I’ve been reading a lot on Metafilter and various blogs about the Occupy Wall Street movement and the 99 percenters, which has brought up an issue which has nagged me for a while; it is sometimes mindbogglingly difficult for me to reconcile my background and my beliefs with the sector I work in. Philanthropy inevitably involves the wealthy and powerful. I’m fortunate that the vast majority of the wealthy and powerful I work with are genuinely good people who have a burning desire to make the world a better place, although occasionally I do encounter an attitude that leaves me bemused or despairing.

One of the earliest commentaries on philanthropy I read when I first started working in the sector was the 1999 Allen Lane Lecture by Stephen Burkeman; it still makes fantastic reading because it zeroes in on the heart of some of the real issues that make people cynical about philanthropy, and creates some discomfort for those of us who believe in it and defend it.
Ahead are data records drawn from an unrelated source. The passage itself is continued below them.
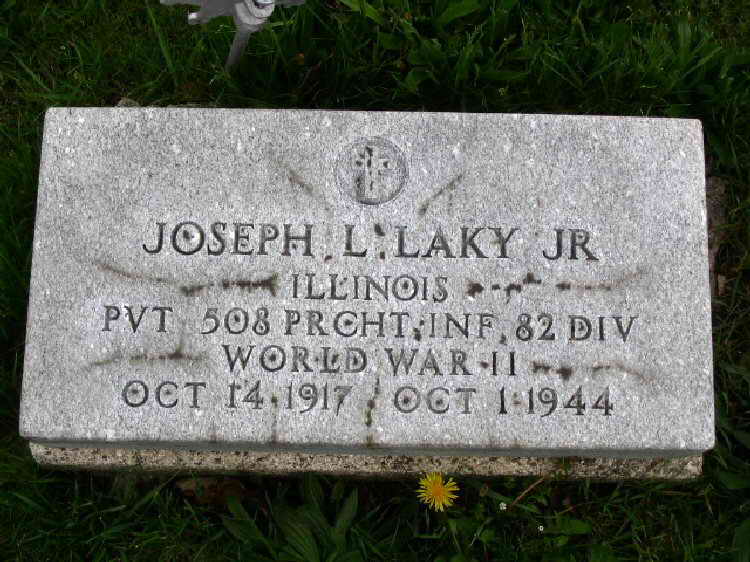 Grave marker for Pvt Joseph L. Laky, Jr in the Ottawa Avenue Cemetery, Ottawa (La Salle County), Illinois..
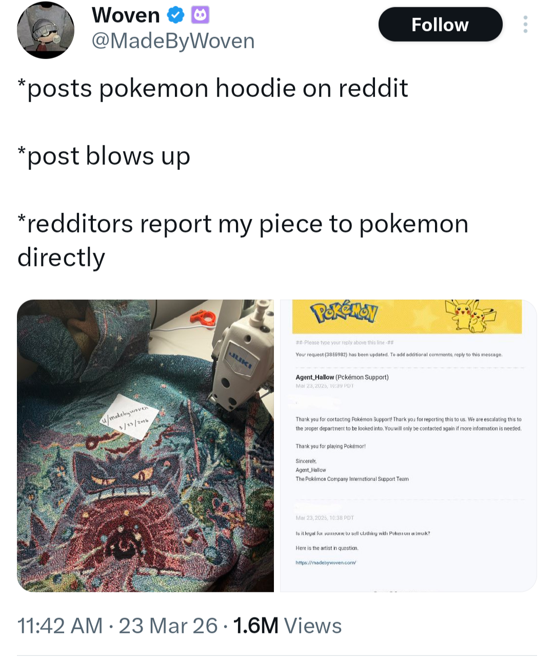 >>735593560Tried to make a business selling clothes with pokemon designs.
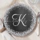 Custom Silver Glitter Black Sparkle Monogram Paper Plate
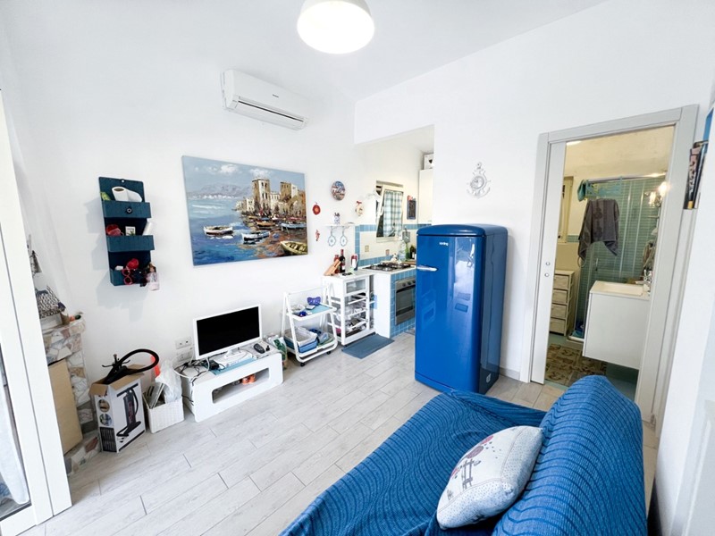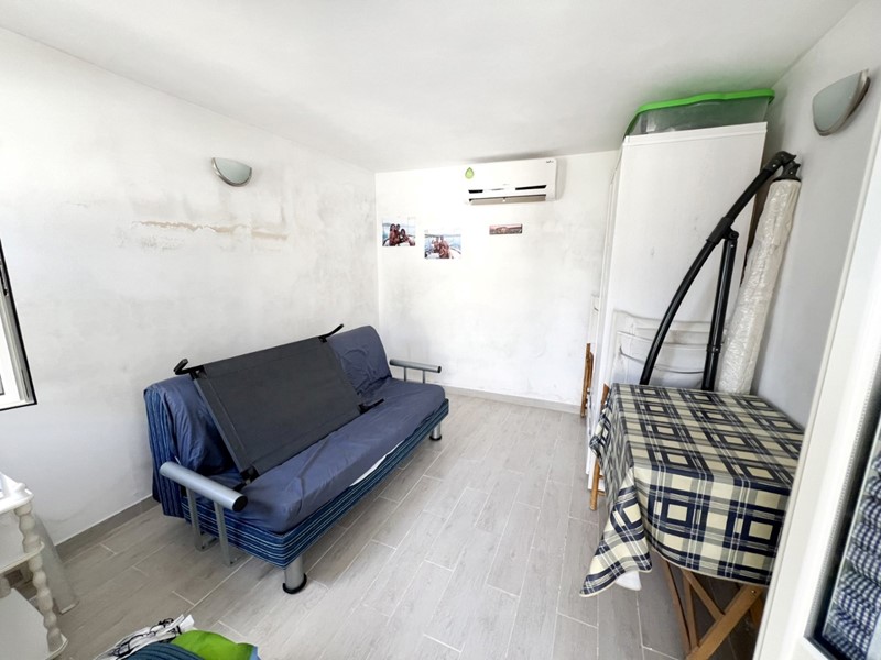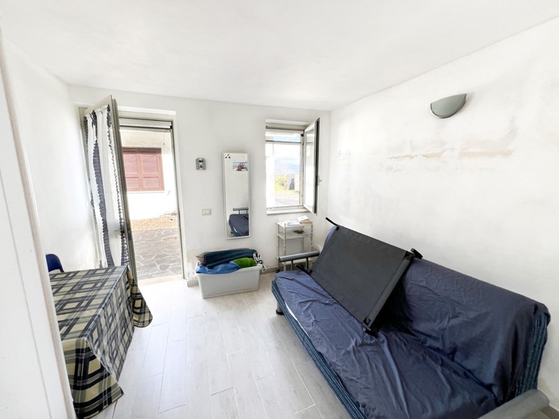 L'interno, completamente ristrutturato, offre una zona giorno con camino, un angolo cottura in muratura e due camere da letto luminose, mentre la dependance si compone di un unico ambiente finestrato e climatizzato con annesso bagno privato, ideale per ospiti. Il giardino privato di complessivi 1.000 mq., arricchito da un comodo portico e da una vista mozzafiato sul mare, regala momenti di relax e convivialità.
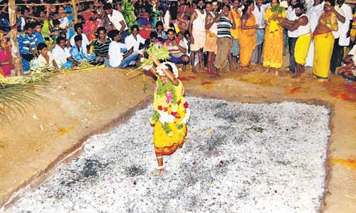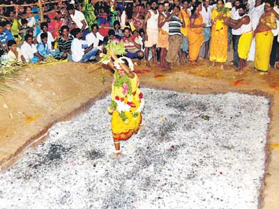 கும்மிடிப்பூண்டி: ஐயர்கண்டிகை அங்காள பரமேஸ்வரி கோவிலில், தீமிதி திருவிழா, சிறப்பாக நடைபெற்றது.

Beside that, it seems obvious that Western society is in a particularly parlous state right now; that the concentration of wealth in the hands of a very few, and the massive and widening gulf between those with wealth and those without, is getting worse and leading to ange and disenfranchisement as well as – on both sides of the debate – wildly distorted worldviews. And that encouraging wealth generation via the stockmarket and the housing bubble – focusing on making money through money, rather than making money through providing services or making stuff people need – is a totally, ridiculously unsustainable way to run a society (and yes, that is a huge generalisation and the real situation is far more complicated than that – but when you have a large number of unoccupied luxury investment properties which nobody can afford to rent on the one hand, and a squeeze on housing because there aren’t enough affordable properties for sale or rent on the other, it’s not difficult to draw conclusions, hmmm?)
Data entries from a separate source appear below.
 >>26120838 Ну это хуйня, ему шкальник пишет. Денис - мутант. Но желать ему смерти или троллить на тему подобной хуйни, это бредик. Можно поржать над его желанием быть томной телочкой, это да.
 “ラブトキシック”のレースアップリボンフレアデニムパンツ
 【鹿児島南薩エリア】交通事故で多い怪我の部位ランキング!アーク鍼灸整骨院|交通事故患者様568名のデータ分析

That’s why it’s been a pleasure of sorts to see the US-based Resource Generation, a bunch of young people with wealth who are doing stuff like advocating for tax reform, encouraging their family foundations to consider impact and program-related investing, funding grass roots social justice campaigns. It’s the kind of thing that’s easy to scoff at, and it’ll be interesting to see whether it grows or burns out – but at the same time it is sending a message, and also doing some practical stuff (however small-scale).

Paraphrasing  a commentator on Metafilter, we’ll always have rich kids, but it’s better to have socially responsible rich kids, who care about not being exploitative, than a bunch of Paris Hiltons.